Rails.application.config.middleware.insert_before 0, Rack::Cors do
allow do
origins 'http://localhost:8080'
resource '*',
headers: :any,
expose: ['access-token', 'expiry', 'token-type', 'Authorization'],
credentials: true,
methods: [:get, :post, :put, :patch, :delete, :options, :head]
end
end
SignOut mutation.
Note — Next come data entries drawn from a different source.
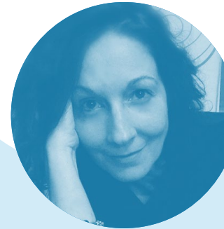
Chus Sánchez Comunicación
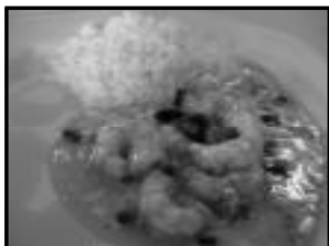
Chiclete de Camarão

A Zuum Choperia é uma ótima opção para locação para festas de aniversário, festas de formatura, confraternização de final de ano ou o que você
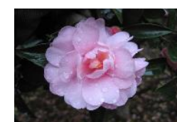
カンツバキ 乙女サザンカ
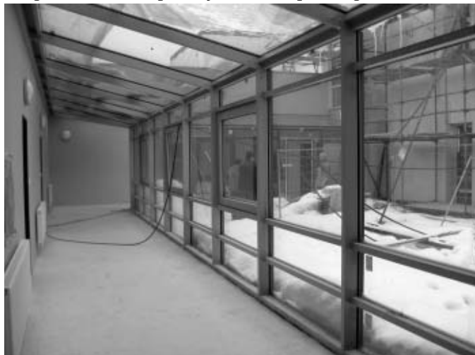
Prosklená spojovací chodba v přízemí budovy

Ačkoliv většině z nás dává letošní zima pěkně zabrat a venku kolem objektu MŠ vše působí spícím dojmem, ve vnitřních prostorách nové budovy je tomu právě naopak a stavební práce jsou zde v plném proudu.
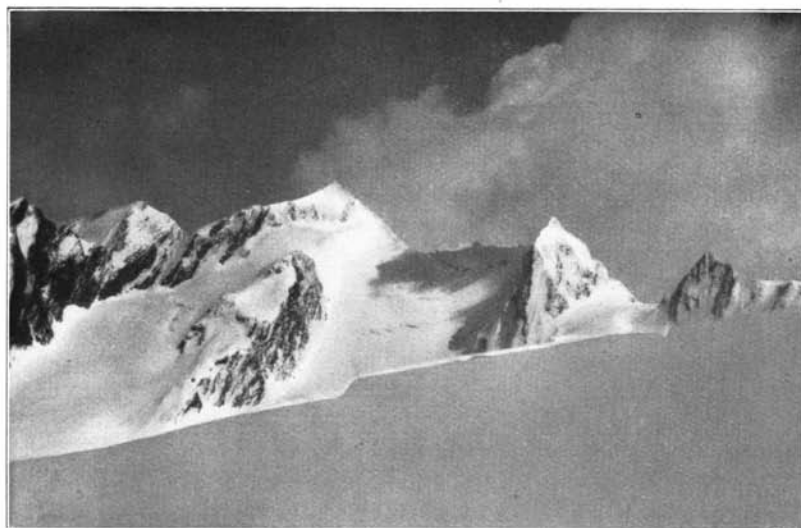
Blick vom Wasserfallferner auf Liebenerspitze, Trinker- und Häuflerkogel
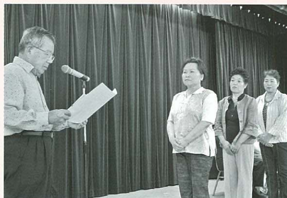
団体優勝の県央地区女性部
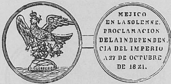
José Guerrero. Proclamación de la Independencia de México. Medalla.

On this step - just check for current_user and return MutationResult.
module Mutations
class SignOut < Mutations::BaseMutation
graphql_name "SignOut"
field :user, Types::UserType, null: false
def resolve
user = context[:current_user]
if user.present?
success = user.reset_authentication_token!
MutationResult.call(
obj: { user: user },
success: success,
errors: user.errors
)
else
GraphQL::ExecutionError.new("User not signed in")
end
end
end
end
RegisterUser mutation - set current_user in a context and return MutationResult.
module Mutations
class RegisterUser < Mutations::BaseMutation
graphql_name "RegisterUser"
argument :phone, String, required: true
argument :first_name, String, required: true
argument :last_name, String, required: true
argument :email, String, required: true
argument :password, String, required: true
field :user, Types::UserType, null: false
def resolve(args)
user = User.create!(args)
context[:current_user] = user
MutationResult.call(
obj: { user: user },
success: user.persisted?,
errors: user.errors
)
rescue ActiveRecord::RecordInvalid => invalid
GraphQL::ExecutionError.new(
"Invalid Attributes for #{invalid.record.class.name}: " \
"#{invalid.record.errors.full_messages.join(', ')}"
)
end
end
end
Done! Now we have working user login/register/logout workflow based on GraphQL and JWT.